Hollywood likes the Lake Tahoe region. Not only do stars like Cher, Natalie Cole and Charles Bronson call Tahoe home (or second home) but several movies have been filmed on and around the lake, as well. The first film made there was Indian Love Call, shot in the 1920’s and starring Jeannette Macdonald. A West Shore residence, Fleur du Lac, and other locations in the area were used in the film The Godfather II. Kevin Costner and Whitney Houston’s film The Bodyguard was filmed at Fallen Leaf Lake, one mile south of Lake Tahoe. The long running 1960’s television show “Ponderosa” was filmed right in Alpine Village, on the shores of Lake Tahoe. The Bonanza ranch used as a setting for the show was open to the public until a few years ago.

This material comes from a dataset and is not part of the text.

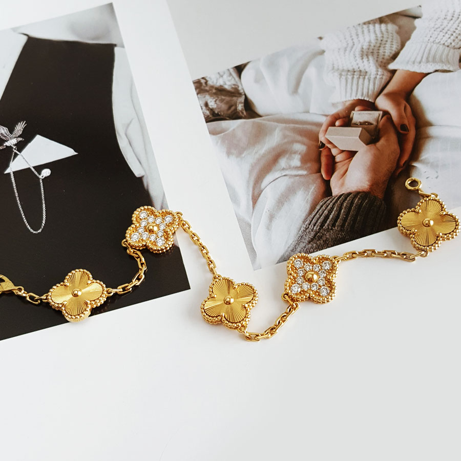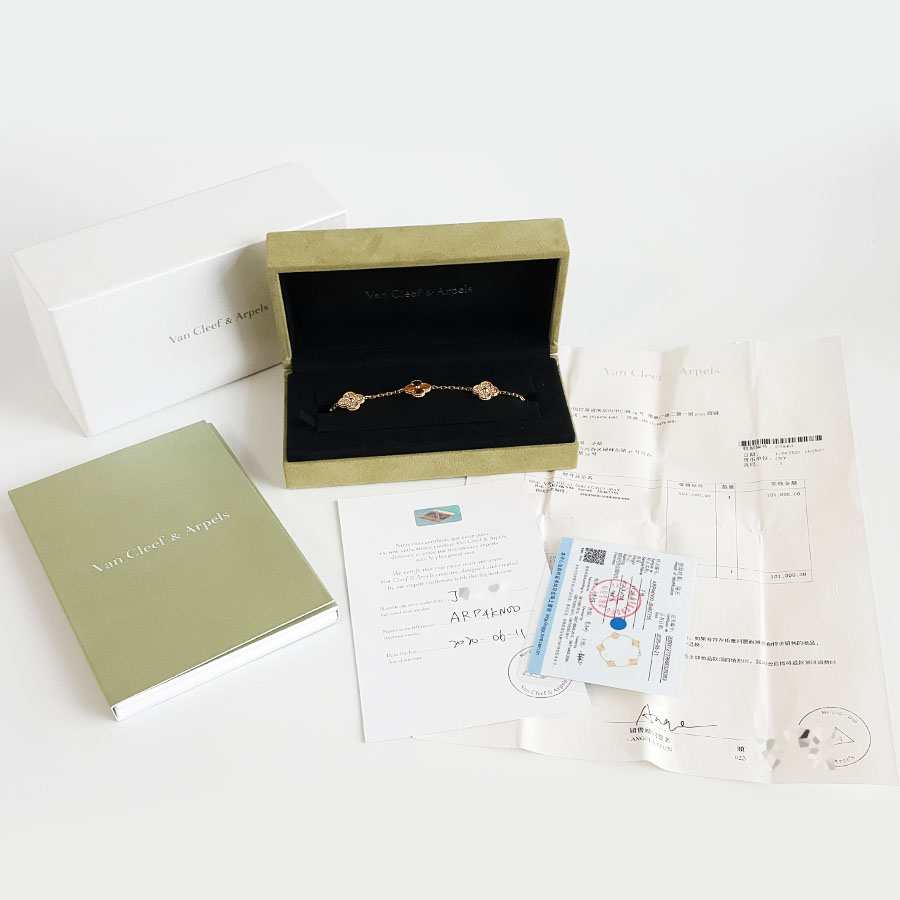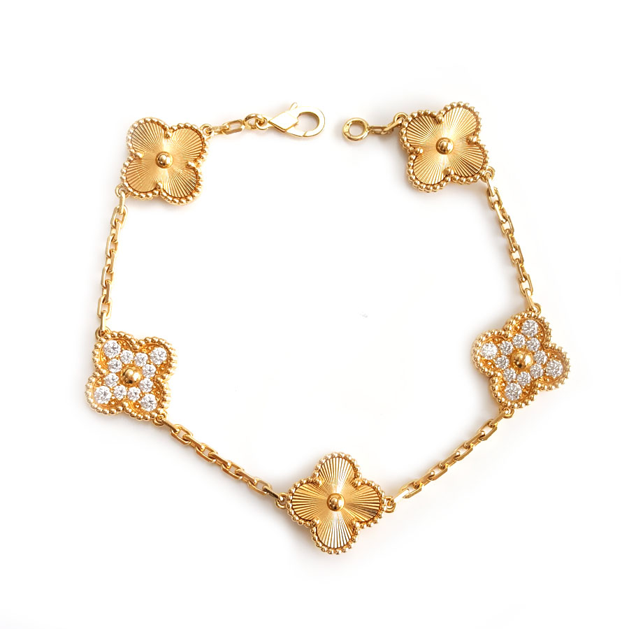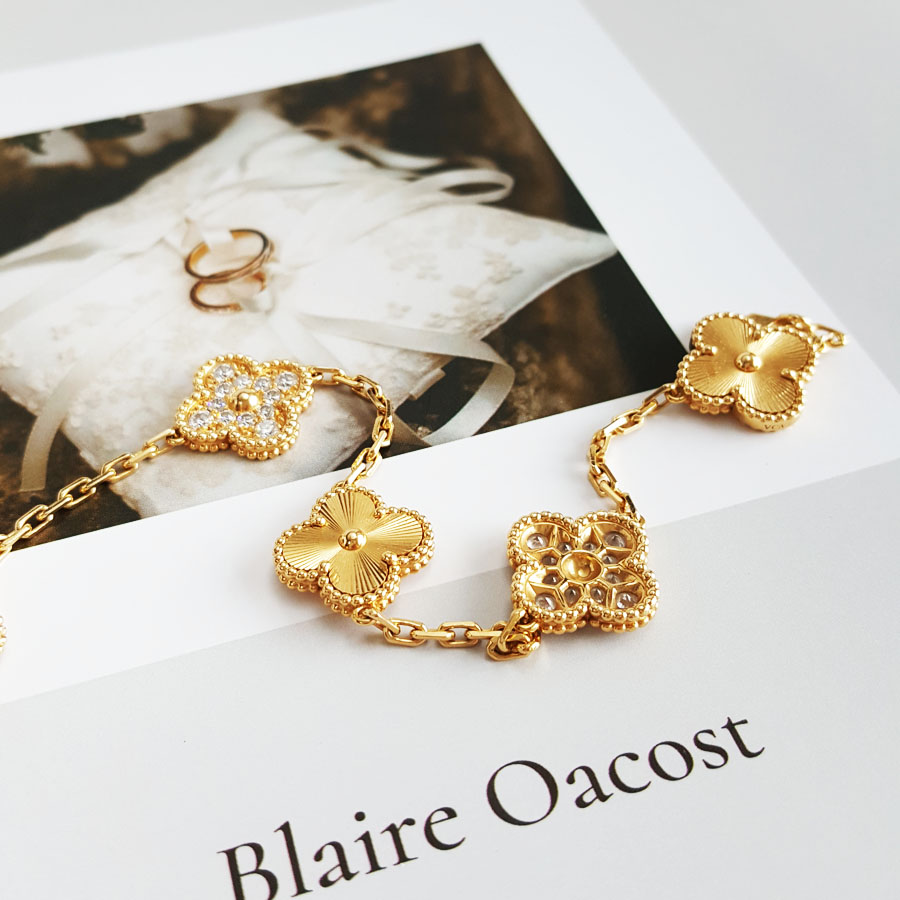 【95新】VCA梵克雅宝Vintage Alhambra系列VCARP4KN00 18K黄金镭射镶钻五花手链女士现售价:82300!080825TB14

Olympic firsts were made in Lake Tahoe when it served as the host for the 1960 Winter Games. They were the first games to be held in the western half of the United States. The 1960 Winter Games were the first to be televised. They were the first to use computers to calculate scores. It was the first time all the athletes were housed under one roof in Squaw Valley’s Olympic Village. A woman was chosen to represent all the athletes for the first time in the taking of the Olympic oath. The US won its first gold medal in ice hockey, defeating the Russians at the height of the Cold War in a close victory, 3-2.